SecurityFebruary 1, 2025·6 min read

What is End-to-End Encryption in Email? A Plain-English Guide

You've heard the term, but what does end-to-end encryption in email actually mean? We explain exactly how it works, why it matters, and why most popular email services don't offer it.

End-to-end encryption is one of the most important security concepts in modern digital communication — and one of the most misunderstood. This guide explains exactly what it means, how it works, and why you should care deeply about whether your email provider offers it.

The Simple Explanation

Imagine you write a letter, seal it in an envelope, and hand it to a courier. With ordinary email, the courier can open your envelope, read the letter, make a copy, and re-seal it before delivering it — and you would never know. With end-to-end encryption, your letter is written in a code that only you and the intended recipient can decode. The courier physically cannot read it.

That is end-to-end encryption. The "ends" are your device and your recipient's device. Between those two endpoints, the message is unreadable to everyone — including the email provider that carries it.

How It Actually Works

End-to-end encryption in email uses a system called public-key cryptography. Here is how it works:

  1. Every user has two mathematically linked keys: a public key (shared openly) and a private key (never shared).
  2. When you send an email to someone, your client encrypts it using their public key.
  3. The encrypted message travels across the internet in an unreadable form.
  4. When it arrives, only the recipient's private key — which only they hold — can decrypt and read it.

Even if an attacker intercepts the message in transit, or if the email provider's servers are compromised, the encrypted content remains unreadable without the private key.

Why Most Email Services Don't Truly Offer It

Gmail, Outlook, and most mainstream email services advertise that they encrypt your data — but this is not the same as end-to-end encryption. What they actually offer is called "encryption in transit" or "encryption at rest," which means:

  • Your emails are encrypted while travelling between servers.
  • Your emails are stored in an encrypted format on the server.
  • But the email provider holds the encryption keys — meaning they can decrypt and read your emails whenever they choose to.

This is why Google can scan the content of Gmail messages to power features like Smart Compose, and why law enforcement can subpoena Google to obtain the content of your inbox. The encryption protects against external hackers — not against the service provider itself.

End-to-End Encryption in Practice on Sendora

Sendora implements end-to-end encryption so that messages between Sendora users are encrypted with keys that we never hold. This means:

  • We cannot read the content of your encrypted messages.
  • If a third party were to subpoena us for the content of an encrypted message, we would be structurally unable to provide it.
  • Your email content is protected even in the event of a server-side breach.

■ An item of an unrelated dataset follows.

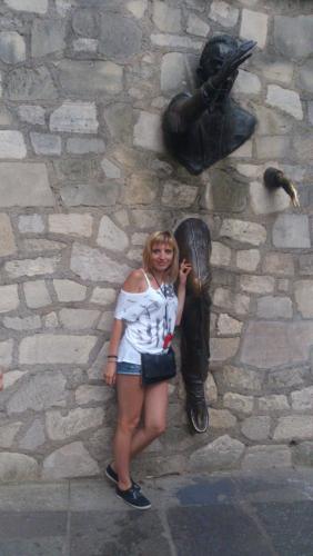 Далее мы проследовали до маленькой площади Марселя Эме (Place Marcel-Ayme), на которой есть странный памятник-барельеф. Вот он! Из каменной стены навстречу публике выходит человек (Le passe-muraille). Лицо, колено, руки, устремлённые вперёд…У этого бронзового изваяния есть реальный прототип – писатель Марсель Эме (1902 – 1967 гг.), творивший в жанре мистики и абсурда, волшебной сказки, ирреального юмора, гротеска и трагедии. По мотивам произведения Эме «Человек, проходящий сквозь стены», создана загадочная скульптура. Рассказ о простом бухгалтере Дютийеле, наделённом необычной способностью – проникать через стены, полюбился читателям. Фантазия писателя придумывает для «супергероя» неожиданные сюжетные повороты. Пользуясь своим даром, влюблённый самонадеянный Дютийель проникает в дом к замужней женщине, которую ревнивый муж запирает на замок. Неожиданно действие магии кончается, герой навсегда замирает, зажатый между камней, стиснутый стеной. Популярный рассказ послужил сюжетом для киноленты, снятой в 1959 году Ладислао Вайда. А друг писателя, всем известный «Фантомас» – актёр Жан Марэ, который увлекался скульптурой и живописью, создал в 1989 году это оригинальное изваяние высотой в 2,5 метра. Месье гид Вольдемар ещё от ресторана «Мулен де ла Галетт» на эту тему рассказывал, центральное место в его рассказе занимал сюжет произведения Эме. Кстати, когда мы были в этом месте, поблизости от этого оригинального изваяния спал какой-то бомж. Кто-то из наших стал его фотографировать, как достопримечательность видимо. "Во Франции запрещёно фотографировать человека без его согласия," - поучительно изрёк месье Вольдемар. Однако те, кому нужен был бомж на память – те его с превеликими удовольствием засняли :smile: Разумеется, как и скульптуру, рядом с которой выстроилась большая очередь из желающих попозировать на фоне достопримечательности. Наш курс – базилика Сакре-Кёр…

The Limitation You Should Know

Full end-to-end encryption works most effectively when both the sender and recipient use the same secure email platform. When you send an email to a Gmail user, that email must leave the encrypted Sendora environment and enter Gmail's servers — at which point Gmail's standard terms apply.

This is a fundamental limitation of the current email ecosystem, not a failing of any specific provider. For communications where maximum privacy is essential, we recommend both parties using Sendora accounts.

Should You Care?

If you use email for anything that matters — personal finances, health information, legal matters, business communications, or private correspondence — the answer is an unambiguous yes. End-to-end encryption is not a technical nicety. It is the difference between a communication that is truly private and one that is accessible to your email provider, their employees, their advertisers, and any government authority that asks.

Your privacy is worth protecting. Choose an email service that treats it as such.